Work to be completed
Each line in the material below, starting at the one with "Шуба из норки с капюшоном" and ending at the one with "proceso de planeación.", is to be reproduced exactly; no picture is to be copied.

Entries shown
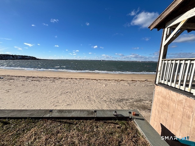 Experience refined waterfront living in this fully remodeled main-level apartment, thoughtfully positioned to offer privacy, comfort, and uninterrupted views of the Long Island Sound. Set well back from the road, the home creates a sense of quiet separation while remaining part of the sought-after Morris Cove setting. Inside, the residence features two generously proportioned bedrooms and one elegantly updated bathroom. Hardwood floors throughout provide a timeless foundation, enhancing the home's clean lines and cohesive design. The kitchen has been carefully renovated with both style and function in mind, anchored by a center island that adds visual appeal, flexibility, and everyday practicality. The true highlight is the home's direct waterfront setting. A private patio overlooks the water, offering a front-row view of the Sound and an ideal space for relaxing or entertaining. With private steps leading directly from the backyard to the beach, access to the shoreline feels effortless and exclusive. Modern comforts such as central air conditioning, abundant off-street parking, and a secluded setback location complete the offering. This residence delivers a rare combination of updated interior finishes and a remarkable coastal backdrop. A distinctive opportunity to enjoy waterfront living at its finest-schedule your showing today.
==
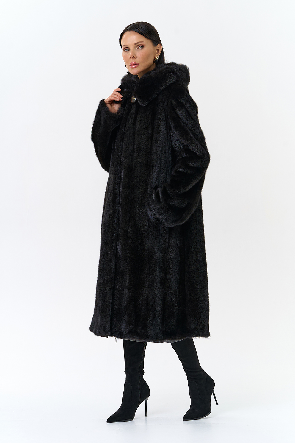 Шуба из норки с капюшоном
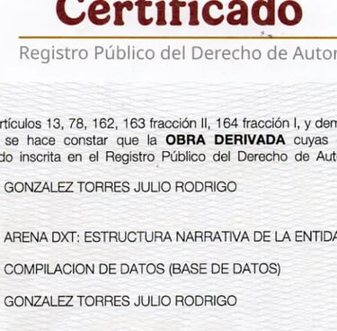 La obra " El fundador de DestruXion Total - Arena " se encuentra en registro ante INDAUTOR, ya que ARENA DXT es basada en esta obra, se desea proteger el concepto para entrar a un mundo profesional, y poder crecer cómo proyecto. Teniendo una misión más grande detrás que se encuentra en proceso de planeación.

Response area
 Шуба из норки с капюшоном
 La obra " El fundador de DestruXion Total - Arena " se encuentra en registro ante INDAUTOR, ya que ARENA DXT es basada en esta obra, se desea proteger el concepto para entrar a un mundo profesional, y poder crecer cómo proyecto. Teniendo una misión más grande detrás que se encuentra en proceso de planeación.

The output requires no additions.